The key amendments relate to resource consenting:
Resource consent applications may be placed on a "fast-track" if they are for a controlled activity in a district plan (other than subdivision), or an activity that is prescribed in regulations. To qualify, the application must include an electronic address for service. The fast-track process will not be used if the application will be limited or publicly notified, a hearing is required, or if the applicant opts out. Fast-track applications must be processed within 10 working days.
Boundary activity process
This process applies to activities that only require resource consent because of a "boundary rule" infringement (e.g. yard or height in relation to boundary controls). Boundary activities must be treated as permitted activities if written approval is obtained from the relevant neighbours. Information about the site, site owners, proposed activity, and neighbours must be provided to the council. The council must confirm whether the boundary activity qualifies to be treated as permitted within 10 working days.
Marginal or temporary breach process
Councils have the discretion to treat activities as permitted if there is only "marginal or temporary" non-compliance with plan rules, the effects on the environment are no different from a compliant activity, and any effects on persons are less than minor. Council must give notice that the activity is permitted, which it can do after receiving a consent application or on its own initiative.
Comment – new ‘consenting’ processes
These new processes are intended to provide a more proportional process for very simple activities. However, we consider they are likely to have relatively limited value overall. In our experience, it is often council capacity, not the RMA process per se, that delays the consenting of these types of activities.
Changes to notification
The notification tests have been replaced with a new step-by-step process. Although the provisions look very different, many of the key tests have not been changed (e.g. the "minor" environmental effects test for public notification). The key substantive amendments are:
- There is no longer a general discretion for councils to publicly notify resource consent applications. Rather, councils must follow the strict step-by-step process to determine whether or not an application must be publicly notified.
- Public notification is precluded for:
- controlled activities
- subdivision of land (if it is not a non-complying activity)
- "residential activities"* (again, if it is not a non-complying activity), and
- activities prescribed in regulations (there are currently none).

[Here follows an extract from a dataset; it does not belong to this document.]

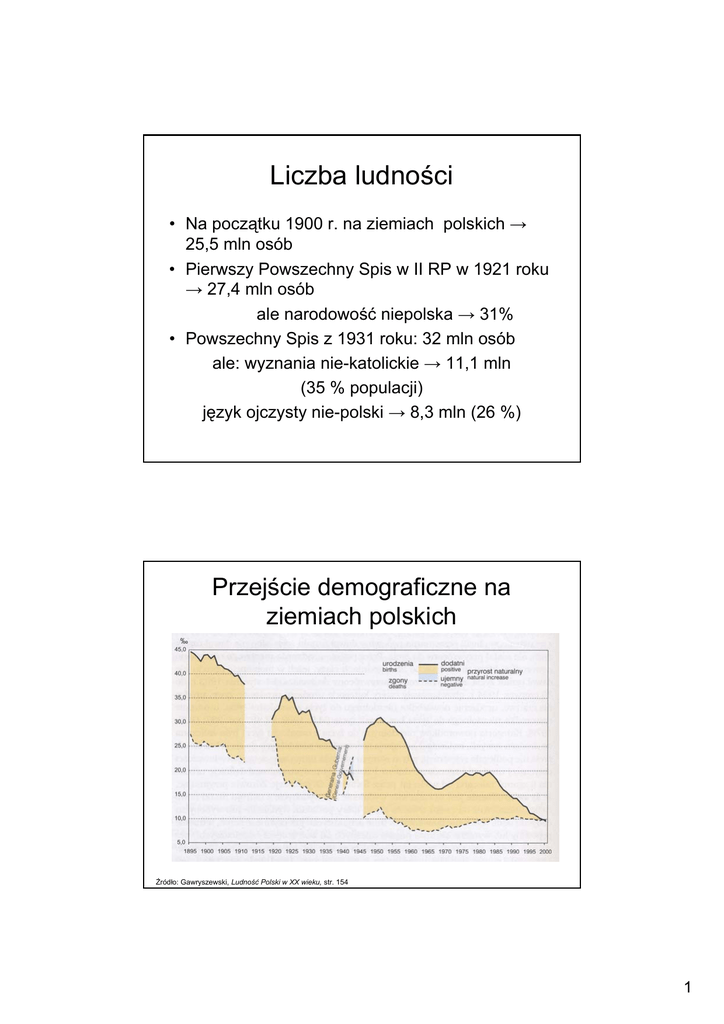 Liczba ludności • Na początku 1900 r. na ziemiach polskich → 25,5 mln osób • Pierwszy Powszechny Spis w II RP w 1921 roku → 27,4 mln osób ale narodowość niepolska → 31% • Powszechny Spis z 1931 roku: 32 mln osób ale: wyznania nie-katolickie → 11,1 mln (35 % populacji) język ojczysty nie-polski → 8,3 mln (26 %) Przejście demograficzne na ziemiach polskich Źródło: Gawryszewski, Ludność Polski w XX wieku, str. 154 1 Ruch naturalny 1946-2000 Liczba ludnośc i Urodzenia/zgony 800 40 000 700 600 35 000 500 400 30 000 300 200 25 000 100 prognoza 0 Ludność Polski (31 XII) Urodzenia 2010 2005 2000 1995 1990 1985 1980 1975 1970 1965 1960 1955 1950 1945 20 000 Zgony Źródło: Okólski, Demografia, str. 124 Spis Powszechny z 2002 roku 38,2 mieszkańców kraju, z tego za granicą przez przynajmniej 2 mies.- 786 tys. (w tym 626 tys. za granicą przez przynajmniej rok, a 250 tys. – 10 lat) Faktyczna ludność Polski: 37,6 mln osób (o 1,7% mniej) * w miastach 61,76 % populacji * 96,7 % narodowości wyłącznie polskiej 1,4 % narodowości wyłącznie niepolskiej * 97,0 % to obywatele RP (+ 1,2 % podwójne obywatelstwo, 1,7 % nieustalone) 0,1 % cudzoziemcy 2 1. Rozrodczość Rysunek 12. Liczba urodzeń żywych w tysiącach, 1946-2005 800 750 700 650 600 550 500 450 400 350 2000 1994 1988 1982 1976 1970 1964 1958 1952 1946 300 Źródło: Fihel, Okólski, Demograficzne przesłanki zmian w liczbie urodzeń w Polsce i wpływ na sytuację kobiet na rynku pracy 1. Zmiany TFR po II wojnie światowej TFR 4,0 3,5 3,0 2,5 2,0 1,5 Miasta 1978 1980 1982 1984 1986 1988 1990 1992 1994 1996 1998 2000 1952 1954 1956 1958 1960 1962 1964 1966 1968 1970 1972 1974 1976 1,0 Obszary wiejskie Polska Źródło: Okólski, Demografia, str. 114 3 2. Umieralność ludności w wieku 45-64 lata Z g o n y n a 1.000 o sób d an ej p łci 19,0 17,0 15,0 13,0 11,0 9,0 7,0 Kobiety 2000 1995 1990 1985 1980 1975 1970 1965 1960 1955 1950 5,0 Mężczyźni Źródło: Okólski, Demografia, str. 118 2. Umieralność ludności (trwanie życia) 80,0 75,0 70,0 65,0 60,0 Źródło: Okólski, Demografia, str. 117 e(0) - mężczyźni e(0) - kobiety e(1) - mężczyźni e(1) - kobiety 1998 1993 1988 1983 1978 1973 1968 1963 1958 1953 1948 55,0 4 3. Migracje wewnętrzne – zasiedlanie ziem zachodnich i północnych Źródło: Gawryszewski, Ludność Polski w XX wieku, str. 390 3. Migracje wewnętrzne – urbanizacja Źródło: opracowanie własne 5 4. Migracje zagraniczne Źródło: Kaczmarczyk, Migracje zarobkowe Polaków w dobie przemian, str. 134 4. Migracje zagraniczne • Migracje zagraniczne Æ imigracja/repatriacja 1945-48: 3,7 mln 1949-89: 350 tys. Æ emigracja/wysiedlenia 1945-47: 3,9 mln 1948-50: 160 tys. 1951-55: 15 tys. 1956-59: 330 tys. 1960-79: 500 tys. od 1980 do 1989: 1,3 mln (przeważa emigracja „nielegalna”) 6 4. Migracje zagraniczne 500 000 450 000 400 000 350 000 300 000 250 000 200 000 150 000 100 000 50 000 0 1981 1982 1983 1984 1985 em igracja rejestrow ana (a) 1986 1987 1988 1989 em igracja niew idzialna (b) Źródło: opracowanie własne na podst. Sakson (2002), Wpływ „niewidzialnych” migracji zagranicznych lat osiemdziesiątych na struktury demograficzne Polski 7

- Limited notification is precluded for:
- controlled activities, and
- ctivities prescribed in regulations (there are currently none).
- A new requirement to limited notify an application where "special circumstances" exist.
* "Residential activities" are defined as activities that:
- require resource consent under a regional or district plan
- are associated with the construction, alteration, or use of dwelling-houses(s), and
- are located on land zoned for residential purposes under the relevant district plan.
These changes to the notification tests do not apply to designations.
Changes to appeal rights
There is no longer a right of appeal to the Environment Court against a council decision on a boundary activity, a subdivision, or a residential activity (unless the activity was classified as non-complying).
Comment – notification tests and appeal rights
These changes continue a trend of reducing public participation in resource consent processes. Well drafted applications which correctly address the statutory requirements will help to ensure that entitled applications get processed non-notified. In our view however, the latest set of amendments goes further than previous rounds of reform as applicants, as well as submitters, will have no right to appeal a council decision on certain activities.
Decision-makers are now expressly required to have regard to any environmental compensation or offsetting measure proposed or agreed to by an applicant for a resource consent or a designation.
Changes to test for imposing conditions
Resource consent conditions are now expressly required to meet one of three tests:
- The applicant agrees to the condition, or
- The condition is directly connected to an adverse effect of the activity or an applicable rule, or
- The condition is related to administrative matters that are essential for the efficient implementation of the consent.
These amendments around offsetting generally reflect existing case law, and are therefore expected to have minimal impact overall. The tests for imposing conditions are useful but again tend to reflect the position in the case law in any event.